While death from overdose is the most prominent potential harm of chronic opioid therapy, less catastrophic concerns that nevertheless cause distress for patients are the uncomfortable withdrawal symptoms and increased sensitivity to pain often associated with this category of medication.7 This distress can lead patients to crave and use more medication than prescribed, and some engage in maladaptive behaviors to obtain more of the drug. Such problem drug-related behaviors (PDBs) can include repeatedly requesting early medication refills, engaging in deception such as untruthfully reporting medications as lost or stolen, or displaying uncontrolled anger when denied a prescription.8
Continued prescribing of opioids to patients exhibiting PDB may have undesirable consequences. For providers and clinic staff repeatedly encountering PDB, consequences may include inefficiency, stress, and compassion fatigue.9 Ultimately, the supply of primary care physicians may be adversely affected: negative experiences during medical training with patients exhibiting PDB while receiving chronic opioid therapy may discourage students10 and residents9 from a career in primary care. For patients—many of whom may be struggling with an opioid use disorder—continuation of opioid prescriptions may reinforce their maladaptive behaviors. Failure of providers to identify and treat an opioid use disorder in these patients risks the patients' psychosocial deterioration, transition to illicit opioid use, medical complications, and death from overdose.11
Estimates of the prevalence of PDBs among patients on chronic opioid therapy have varied widely.12⇓–14 Most previous studies have been performed in pain specialty settings and have attempted to identify only the most severe problems.
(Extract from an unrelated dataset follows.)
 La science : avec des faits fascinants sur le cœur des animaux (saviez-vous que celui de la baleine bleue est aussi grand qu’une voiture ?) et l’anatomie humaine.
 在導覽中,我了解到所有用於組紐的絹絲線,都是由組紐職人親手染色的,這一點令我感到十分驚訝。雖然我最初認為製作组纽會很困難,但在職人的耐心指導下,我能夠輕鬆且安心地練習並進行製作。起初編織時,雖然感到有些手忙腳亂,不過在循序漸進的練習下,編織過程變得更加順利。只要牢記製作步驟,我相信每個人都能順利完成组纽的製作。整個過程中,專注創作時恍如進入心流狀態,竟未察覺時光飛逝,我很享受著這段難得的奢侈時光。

There is little information about the range of clinically significant problems encountered in the primary care setting, where most patients on chronic opioid therapy receive their prescriptions.
This retrospective cohort study describes the scope and types of PDB in a primary care clinic that initiated a prescription opioid management program, and the relationship between the level of PDB and opioid prescribing after 2 years of the program.
Methods
Setting
This study took place in a primary care safety net clinic within a family medicine residency, with 30 mostly part-time providers (27 physicians and 3 nurse practitioners) serving 8,000 patients in an urban region with a population of roughly 140,000.
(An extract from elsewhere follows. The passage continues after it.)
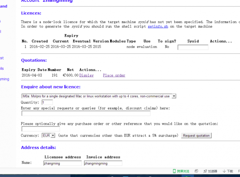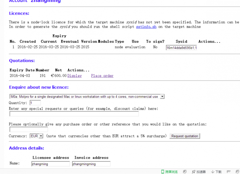 各位大神,你们好! 本文在molpro官网申请试用版的license,getinfo.sh文件已经产生了,但是当我把Sysid输入后,为什么没有.token产生啊???求解,这里先谢了。。 OA6ENK)N3BNWI[4)@F2M]`9.png 9B7(SYN[3WQ{J7JU`URDXFA.png |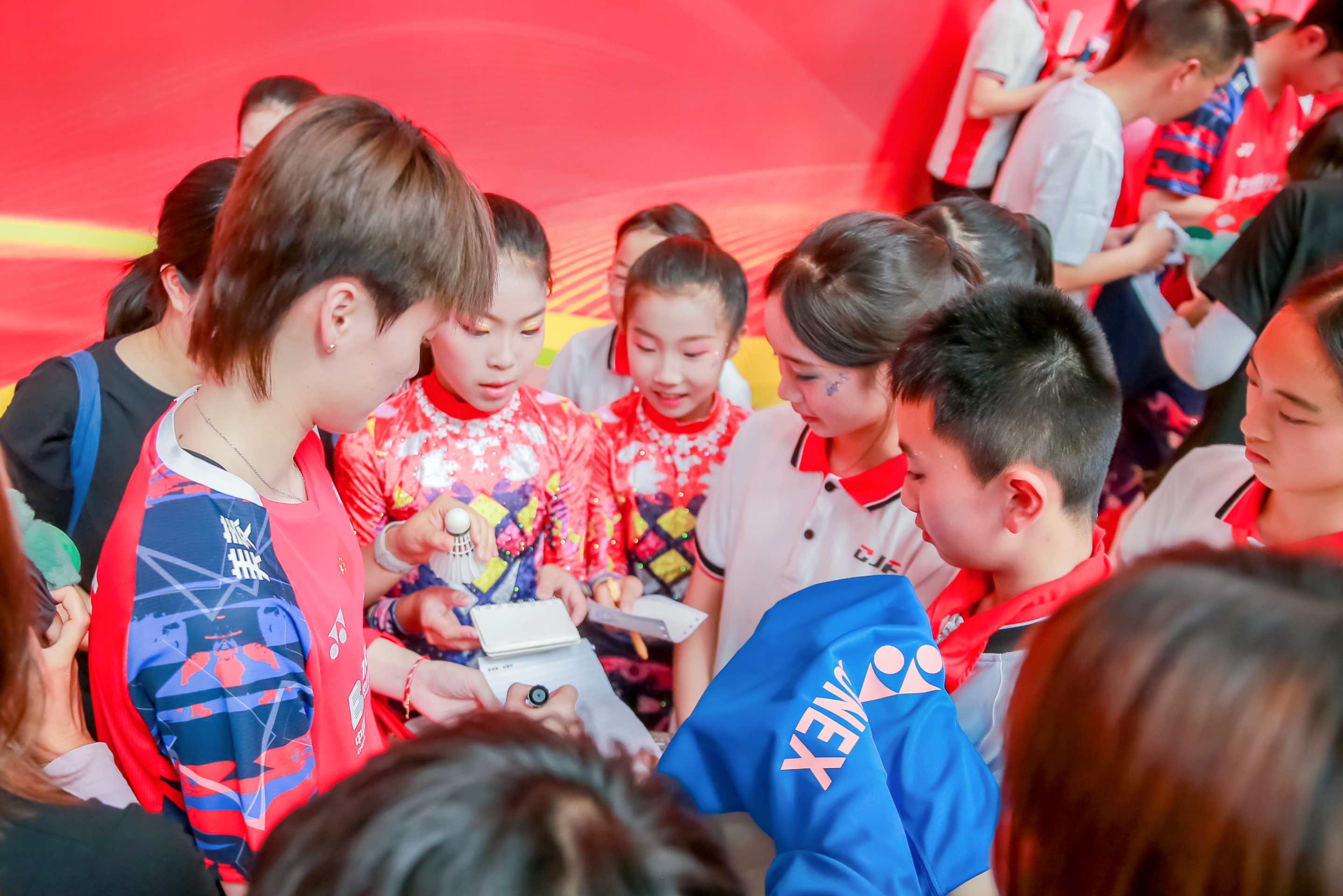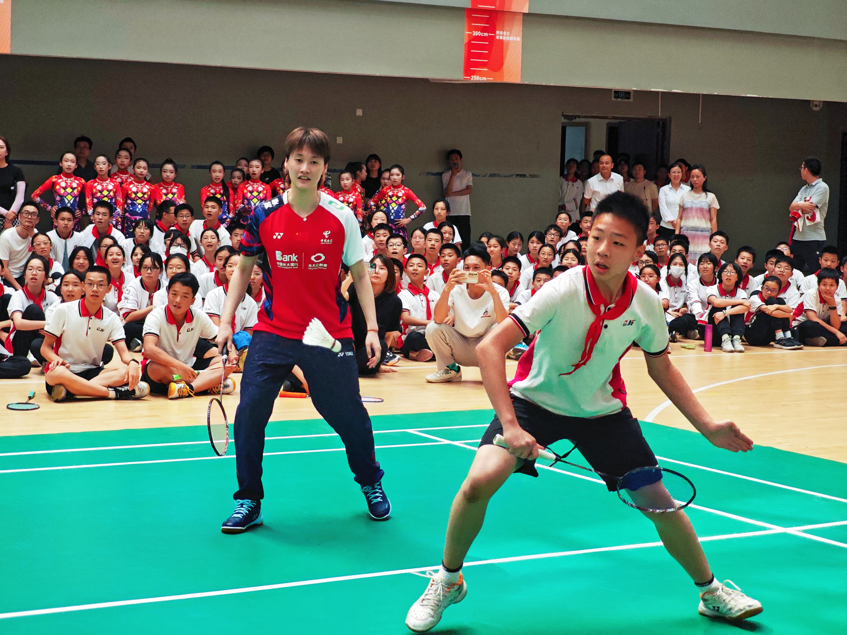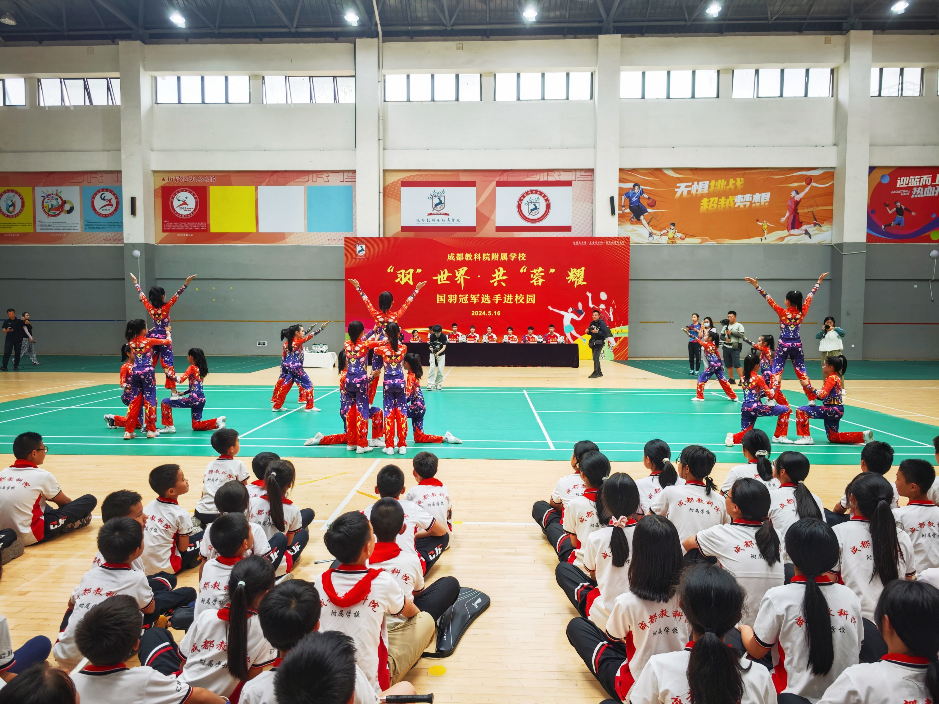 当天活动中,国羽冠军们还前往成都市教科院附属学校,与在校师生进行互动交流。他们现场教学,传授了羽毛球的击球技巧和训练方法;现场还与小球员们进行了一次互动对打和羽毛球知识问答,并向学生们赠送了附有签名的羽毛球。

Prescription Opioid Management Program
In December 2009 the clinic's management identified problematic behaviors of patients prescribed chronic opioid therapy as an area of concern. A quality improvement project was initiated to improve the care of these patients. Clinic management appointed a project workgroup that included 2 physicians (LAG and DS), a nurse practitioner, 2 registered nurses, 3 certified medical assistants, and a staff assistant. The workgroup developed plans for a program to increase adherence to opioid management guidelines.2⇓–4 The program included a registry of patients prescribed opioids and a set of opioid-related support services offered by clinic staff to providers and registry patients. The program did not include provider education or rules constraining the prescribing of opioids; individual prescribing decisions were left to the providers.
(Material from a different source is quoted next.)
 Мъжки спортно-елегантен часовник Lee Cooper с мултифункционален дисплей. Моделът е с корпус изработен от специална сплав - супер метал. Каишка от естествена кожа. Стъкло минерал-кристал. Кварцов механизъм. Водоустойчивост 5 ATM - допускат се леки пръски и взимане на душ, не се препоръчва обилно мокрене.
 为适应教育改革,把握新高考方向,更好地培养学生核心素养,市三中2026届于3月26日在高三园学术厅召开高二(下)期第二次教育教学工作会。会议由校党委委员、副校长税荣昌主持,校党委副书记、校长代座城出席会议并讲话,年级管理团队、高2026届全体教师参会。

Beginning in December 2009 the workgroup developed a registry of patients who were routinely prescribed opioid medications for chronic noncancer pain. Information technology staff used the electronic medical record to select patients with ≥3 opioid prescriptions over the previous year. From that list, primary care providers identified patients whom they considered to be prescribed opioids for chronic noncancer pain. The staff assistant added the International Classification of Diseases, 9th Revision (ICD-9), diagnosis code 338.4 (chronic pain syndrome) to the active problem list of each patient in this subset, thereby designating registry status. The clinic staff and providers added more patients to the registry over time as they were identified, but they did not remove the diagnosis code from an existing patient's problem list, even if opioids were no longer prescribed.
The clinic's support services included phone calls by clinic staff to patients to schedule visits for opioid monitoring via (1) semiannual provider visits, (2) random quantitative urine drug testing (UDT) twice yearly, and (3) annual treatment agreement updates. Primary care providers retained the privilege of excusing their patients from this schedule. Additional support services were optional periodic telephone check-ins by medical assistants to monitor pain and function (at an interval mutually agreeable to the patient, provider, and medical assistant), and a protocol-driven prescription refill program for patients when approved by their provider. The workgroup chose to apply the monitoring schedule without risk stratification of patients because of their perception of a high risk for substance use disorders among this patient population. All urine samples were sent to a commercial laboratory that performed quantitative analysis by mass spectroscopy after initial screening by immunoassay (Ameritox, Midland, TX).
After the opioid management program was initiated, the project workgroup anecdotally observed a reduction in the prescribing of opioids to patients with frequent problematic behaviors. To determine whether this observation was valid, members of the workgroup collaborated with a larger academic team in 2012 to design a study that would describe the PDB of the registry patients and opioid prescribing patterns. The hypothesis was that after 2 years of the program, discontinuation of opioid prescribing was more common among patients with more PDB.
Data Development
The study cohort included individuals who were (1) designated as part of the registry (having a diagnosis of ICD-9, code 338.4 on the active problem list), (2) prescribed opioids by the start of the study period (at least 1 prescription on or before December 1, 2009), and (3) chronically prescribed opioids during the study period (prescriptions for at least 6 individual months during the 2-year study period). Patients in hospice or with a painful cancer, based on review of medical record notes and problem list diagnoses, were excluded.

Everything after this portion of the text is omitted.